|
Kamis, 17/04/2008 10:20:53 |
|
Sampai dengan hari Rabu, 16 April 2008 pukul 10.00 WIB, sebanyak 600 orang pengungsi yang berasal dari Dusun Baokrenget, Desa Egon Gahar, Kecamatan Mapitara yang berada di lereng Gunung Egon, telah berangsur kembali ke rumah masing-masing pada siang harinya.

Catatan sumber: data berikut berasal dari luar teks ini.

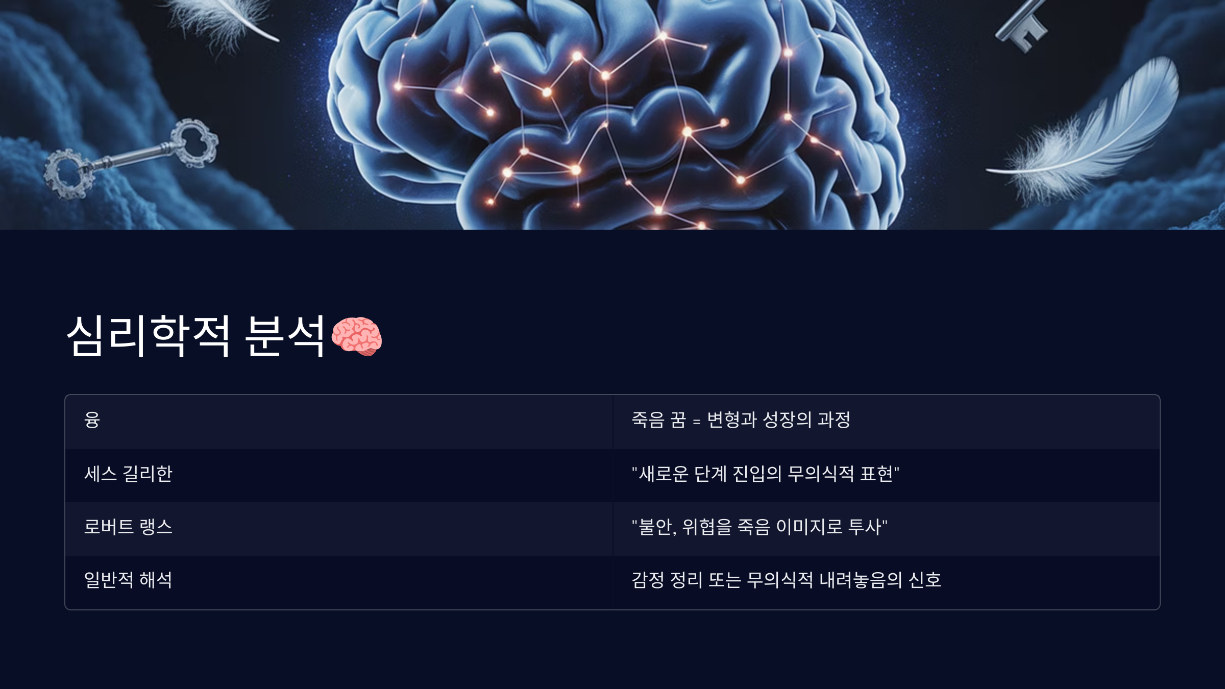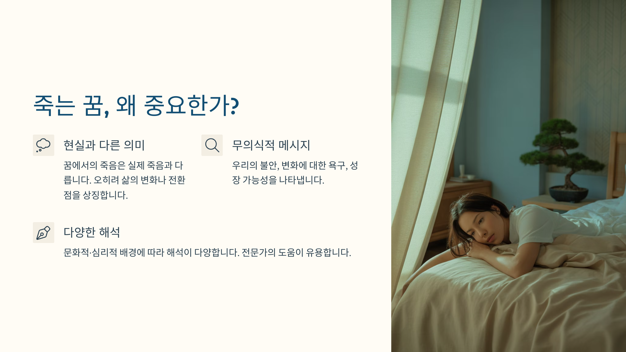 죽는 꿈의 의미부터 상징성, 꿈의 유형별 해석, 심리학적 분석, 대처법까지, 하나하나 자세히 알려줄게요! 😊

Gunung Egon di Kabupaten Sikka, Flores, Nusa Tenggara Timur meletus
pada hari Selasa, 15 April 2008 sekitar pukul 21.00 WIB. Gunung
setinggi 1.703 meter dari pemukaan laut itu mengeluarkan asap dan abu
yang cukup banyak. Tinggi letusan mencapai ± 4.000 meter dari kawah
Gunung Egon. Sebaran abunya tampak condong ke arah Barat laut dan telah
mencapai Kota Maumere yang berjarak ± 20 km dari Gunung Egon.
Pusat Vulkanologi dan Mitigasi Bencana Geologi menyatakan status kegiatan Gunung Egon dinaikkan menjadi "SIAGA" (level III) sejak tanggal 15 April 2008 pukul 23.00 WIB.
Sehubungan dengan hal tersebut, disarankan masyarakat di sekitar Gunung Egon tetap tetang, tidak terpancing isu-isu, dan senantiasa mengikuti arahan dari Satlak PB Kab. Sikka dan Satkorlak PB Prov. NTT.
Desa Egon Gahar berjarak sekitar 1,8 Km dan berhadapan dengan bukaan Kawah Gunung Egon. Karena sistem Gunung Egon telah terbuka dan sering meletus, maka desa tersebut akan selalu beresiko terancam letusan Gunung Egon, sehingga penduduknya perlu direlokasi ke tempat yang lebih aman.
Letusan Gunung Egon menghasilkan abu vulkanik yang tersebar ke arah Barat - Baratlaut hingga Kota Maumere. Oleh karena itu penduduk yang beraktivitas di luar rumah disarankan menggunakan masker penutup hidung, mulut dan mata.
Karena ketinggian asap letusan Gunung Egon mencapai ± 4.000 meter, maka aktivitas bandara Waioti, Maumere, harus waspada terhadap keselamatan jalur penerbangan sekitar Gunung Egon.
Lakhar Bakornas PB akan mengirimkan tim kajian cepat untuk memantau perkembangan di lokasi bencana, dengan membawa bantuan masker sebanyak 50 dus (600 buah).